*** Task data ***

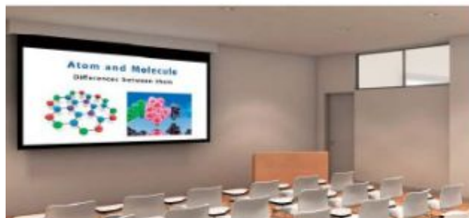
Podłączenie do nowego systemu

Kompatybilny ze wszystkimi rodzajami istniejącego lub nowego systemu, elastyczny montaż i integracja
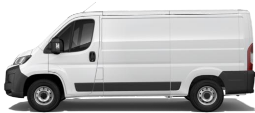
WEISS P0PR 0,00 (0,00)
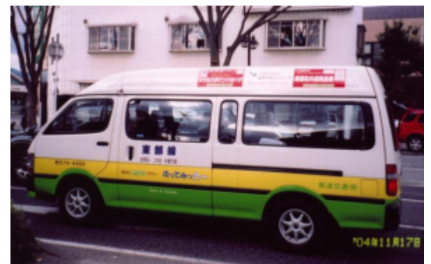
福島県保原町「のってみっカー」

ご意見ご質問があれば、ぜひお寄せください。12月議会では導入にあたっての調査委託費(NTTへ)が補正で計上されました。
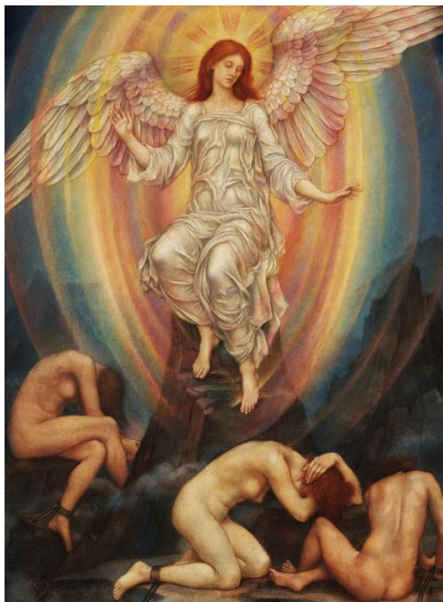
Evelyn de Morgan, La Luz Brilla sobre la Oscuridad , 1915.
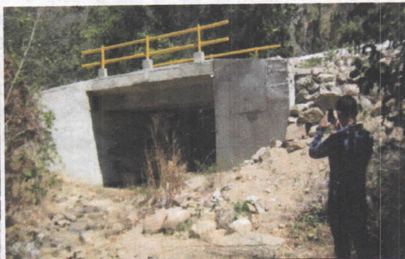
Acceso al puente sobre arroyo limoncito – Entrada al sitio de las obras de rectificación de cauce
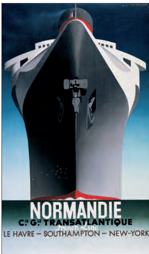
В эпоху трансатлантических поездок путешествие превращается в искусство.

Последний саквояж из кожи цвета лаванды был изготовлен в 1947 году для принцессы Елизаветы, будущей королевы, по случаю ее свадьбы. Сколько стоит саквояж компании S.T. Dupont? Сотрудники компании того времени дают ответ: столько же, сколько стоит дом.
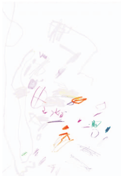
Sofie Værø (4) er kunstneren bak denne tegningen.
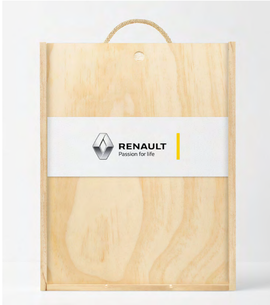
TARJETÓN EN LA TAPA DE LA CAJA
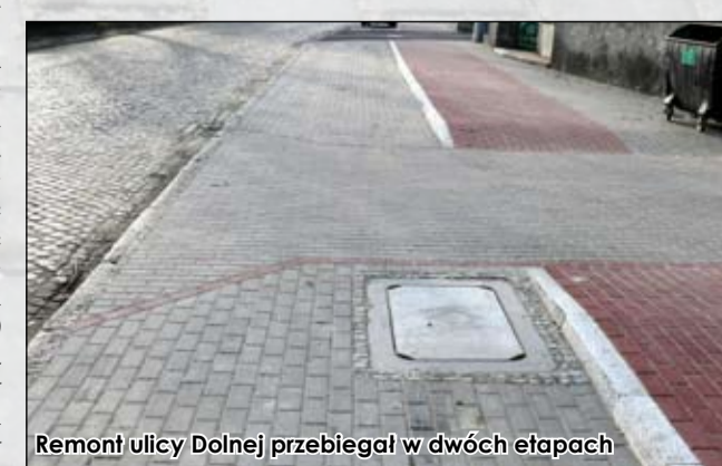
Remont ulicy Dolnej przebiegał w dwóch etapach
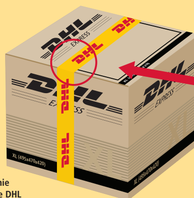
Opakowanie kartonowe DHL
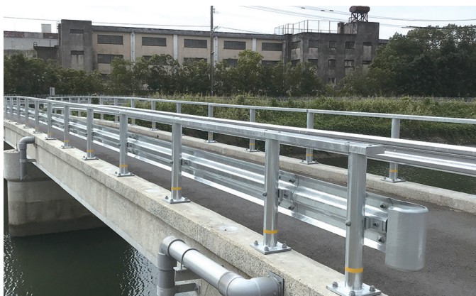
町道認定を受けた塩屋橋

答 通常、橋の管理者は河川改修時に県から町へ引き継がれるが、今回その記録がなく、管理者不明であった。県との協議の結果、橋の修繕を県が行った後、町が管理することとなった。今後、修繕する場合は、町が行う。
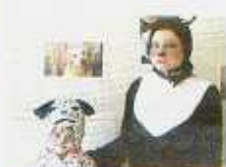
Deux jeunes bénévoles faisaient la communication à l'entrée de la salle.
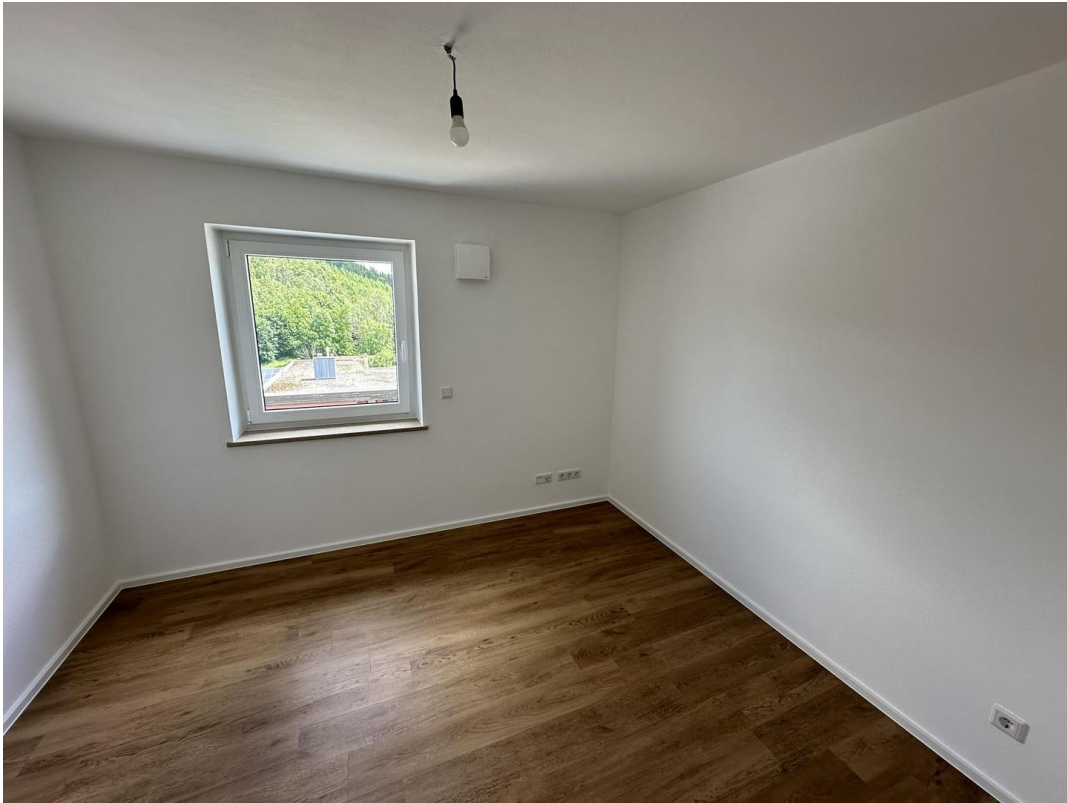
Kinderzimmer bzw. Büro

*** End of Task data ***

**Task goal:** Go to the line above that has "WEISS P0PR 0,00 (0,00)" and copy exactly from there down to the line that has "В эпоху трансатлантических", both included. Leave the pictures out.

**Solution to the problem:**
WEISS P0PR 0,00 (0,00)
福島県保原町「のってみっカー」

ご意見ご質問があれば、ぜひお寄せください。12月議会では導入にあたっての調査委託費(NTTへ)が補正で計上されました。
Evelyn de Morgan, La Luz Brilla sobre la Oscuridad , 1915.
Acceso al puente sobre arroyo limoncito – Entrada al sitio de las obras de rectificación de cauce
В эпоху трансатлантических поездок путешествие превращается в искусство.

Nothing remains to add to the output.